Yes, you may well wonder where I am going with this blogpost ….

I confess to having become fascinated by walls since we moved up to the north-east of England …

It’s all down to building materials, of course.  When we lived in Mid-Devon, there was very little of the local sandstone, and what there was available was used for important and expensive buildings like the little St Lawrence Chapel which we looked after for Crediton parish church.Our own house (round the corner) and Victorian had nice brick garden walls in the garden itself …But once you ventured down the track behind the houses that the coal delivery man would have used, you were back to the older cheaper local stuff – cob. Cob is made up of anything to hand – mostly dung, mud and straw. It’s very vulnerable to the elements.  To protect the wall, it was preferably built on a small stone base, and roofed with slates  – both of which you can see in this picture. What you can also see in the picture is the render – that’s the modern casual way to repair a cob wall …I might once have been inclined to say there is no finer sight than a good cob wall (as you can see here on the shed wall at our B&B in Woolfardisworthy last damp summer) …Until I came to live in Northumberland where there is stone! Beautiful stone!

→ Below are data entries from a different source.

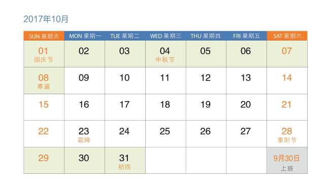 中秋+國慶節(jié):假期調(diào)整至10月8日,中秋國慶假期一起連休8天,9月30日上班。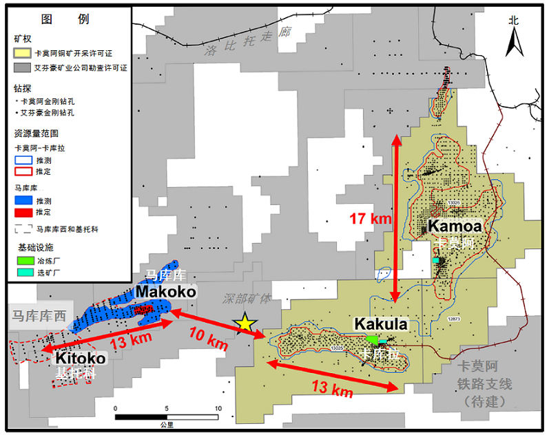 卡庫(kù)拉與馬庫(kù)庫(kù)之間部署的一個(gè)鉆孔在1300米深處見到銅礦化。盡管埋藏深,但礦化出現(xiàn)表明卡庫(kù)拉西與馬庫(kù)庫(kù)通過恩查納(Nchana)斷層可能是連在一起的。這個(gè)新礦區(qū)后續(xù)將開展工作。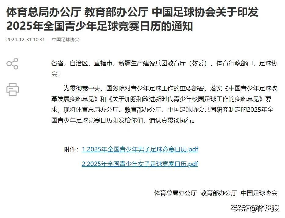 除了打通培養路徑,在青少年足球人才的培養方面,有充足的比賽磨鍊非常關鍵,這個年齡段是孩子們“漲球”的最佳時機,更多高質量的比賽,能幫助他們提升技術運用和戰術理解等方面的能力。前不久,國家體育總局辦公廳、教育部辦公廳和中國足協聯合發佈的2025年全國青少年足球競賽日曆,標誌着中國足球青訓工作的又一重要進展,也體現了國家對青少年足球事業的重視,以及在全民健身和青少年體育教育上所作出的努力。此舉不僅能有效提高青少年參與足球運動的積極性,還將進一步促進校園足球和職業俱樂部之間的互動,形成良性循環。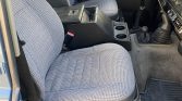 The cabin features seats upholstered in gray vinyl and cloth along with a matching dashboard and door panels. Equipment includes air conditioning, an analog clock, four rear jump seats, sliding rear quarter windows, and a locking center console with an inset AM/FM/cassette stereo.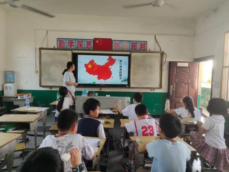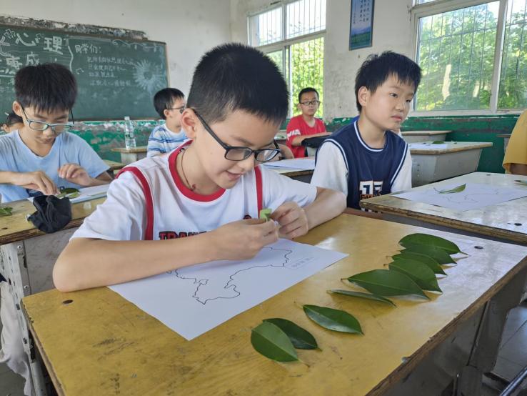 (通讯员 邹贤艳)暖暖爱国情。每一片树叶都记录着独一无二的生命密码,一片小小的树叶又能构建出怎样的异想世界?为培养乡村留守儿童对祖国的热爱,体会到从大自然中去寻找美、发现美。8月1日,湖北第二师范学院四叶草青年志愿服务队第二小分队于监利市分盐镇桃花小学开展了以“从树叶中看我的祖国”为主题的手工课程。活动前,同学们积极地收集了各种各样的树叶:扇形的、椭圆形的、金黄的、碧绿的……这些形态万状的树叶是大自然给予同学们最好的礼物。

Our own cottage (a converted steading) shows this particularly to perfection in the light of the rising sun a couple of days ago.  This is sandstone, abundantly and gloriously available here …And everywhere there are fine stone walls (sometimes with the odd little whimsical brick) …Which we took for granted until we saw where a local farmer had driven casually through a stone wall so as to deposit the manure from the barn in an inaccessible field …Elsewhere we saw how a collapsed wall had been – well, err, left collapsed …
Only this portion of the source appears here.